5. Partition Semantics¶
Understanding partitions helps you design predictable factors:
- TS (Time-Series): grouped by
symbol, e.g.Ts_Mean,Ts_Std,Delay,Ts_Rank. - CS (Cross-Sectional): grouped by
date, e.g.Rank,Scale,Standardize. - EL (Element-wise): row-wise transform with no window partition, e.g.
Log,Abs,Sign,If.
Recommended workflow:
* Validate a single-layer expression first (for example Ts_Mean alone).
* Then wrap with CS or logic operators to build composite formulas incrementally.
6. Composite Factor Examples¶
You can nest multiple operators to build complex Alpha factors:
- Price-Volume Divergence:
Ts_Corr(Close, Volume, 20)(Correlation between price and volume) - Momentum Reversal:
Rank(Ts_Mean(Close, 5)) - Rank(Ts_Mean(Close, 20))(Short-term momentum minus long-term momentum) - Volatility Adjusted Momentum:
Ts_Mean(Close, 20) / Ts_Std(Close, 20)
FAQ¶
Q: Why can Rank(Ts_Mean(...)) be slower than a single-layer expression?

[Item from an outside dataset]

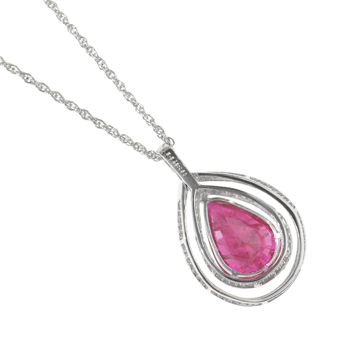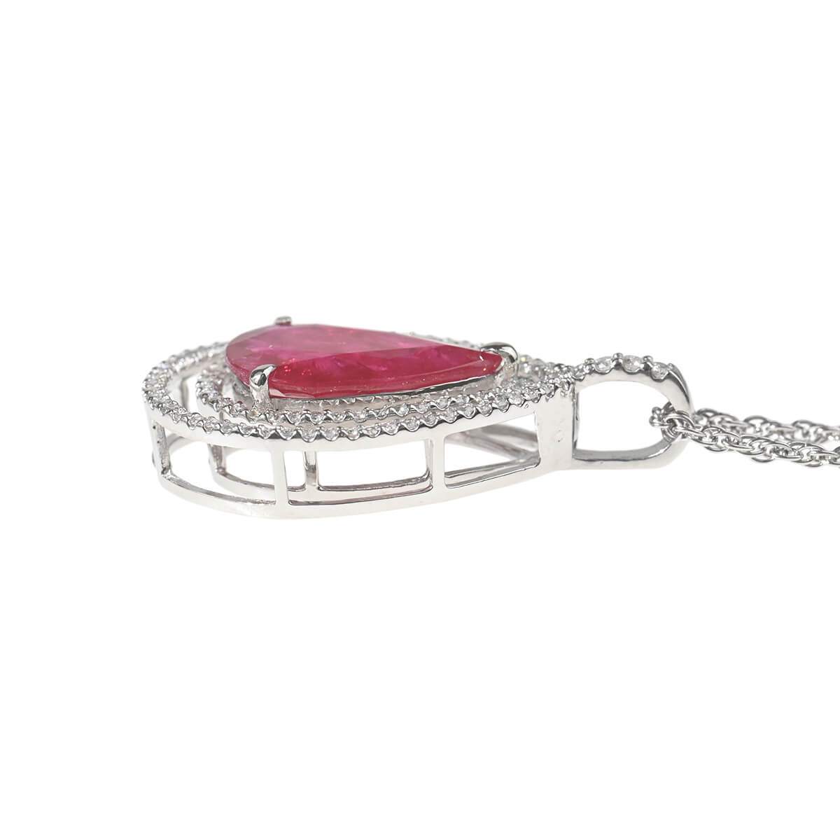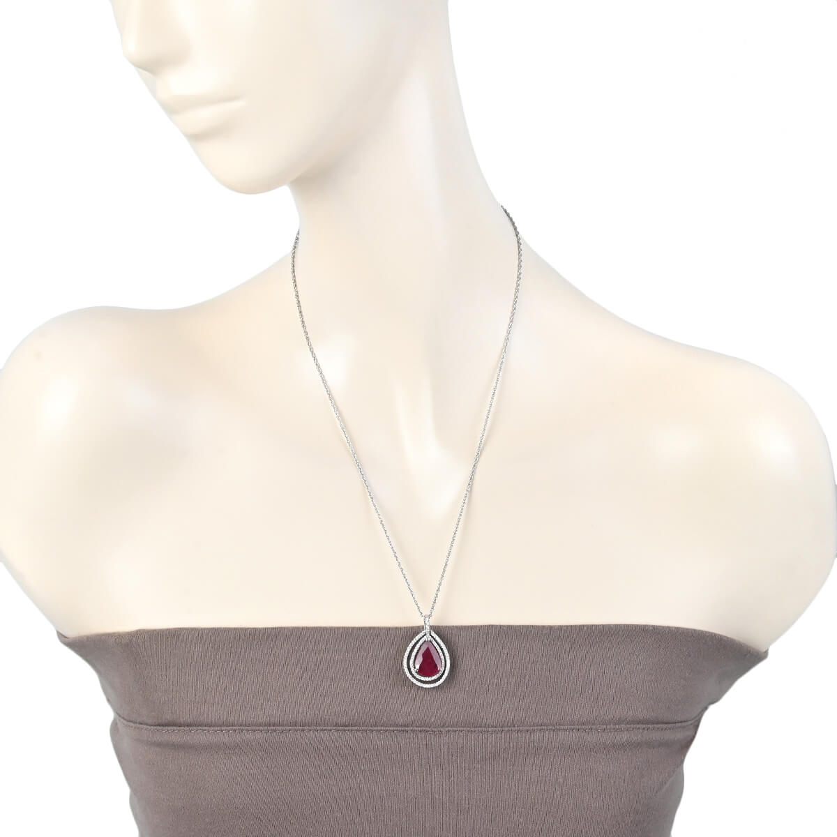 サンスクリット語で“宝石の王”を意味する「RATNARAJ(ラトナラジュ)」に由来し、“赤”を意味するラテン語の「RUBEUS(ルベウス)」から名付けられた宝石「ルビー」。歴史的にも最も重要なカラーストーンのひとつでもあるこの宝石の赤色は、不滅の炎と信じられ、情熱や深い愛情と結びつくと考えられてきました。0.60ctのダイヤモンドが描くラインに囲まれた、5.848ctもの深紅のペアシェイプルビーが魅惑的な美しさを放つ、ボリュームたっぷりのプラチナ製ペンダントネックレスです。大粒のルビーに引けを取らない存在感をもつ、重厚感あるデザインチェーンとあいまってスタイリングを大胆な美しさで印象づけます。

A: This is a cross-partition nested expression (CS over TS). The engine may split execution into multiple planned steps and materialize intermediate columns to preserve correct semantics.
Q: How can I debug a complex formula reliably? A: Break it into stages and validate each stage separately (inner TS, then outer CS, then logic layer). This mirrors the engine execution plan and makes mismatched assumptions easy to locate.
Q: Is intraday data (minute bars) supported?
A: Yes. As long as the date column contains timestamps. Time-series operators (e.g., Ts_Mean) are based on window length (number of rows). For minute bars, d=60 represents the past 60 minute bars.
Q: How to handle trading halts?
A: It is recommended to pad records for halted days (using forward fill or NaN) before storing data. If the date is missing from the data, rolling functions will skip that date and take the previous row as t-1, which might not be intended behavior.
Q: Why is my result full of NaNs?
A:
1. Check if window size d is larger than data length (Warmup period).
2. Check if data contains many NaNs.
3. Check if column names are correct (e.g., Close vs close; the engine auto-converts to lowercase, but ClosePrice won't match close).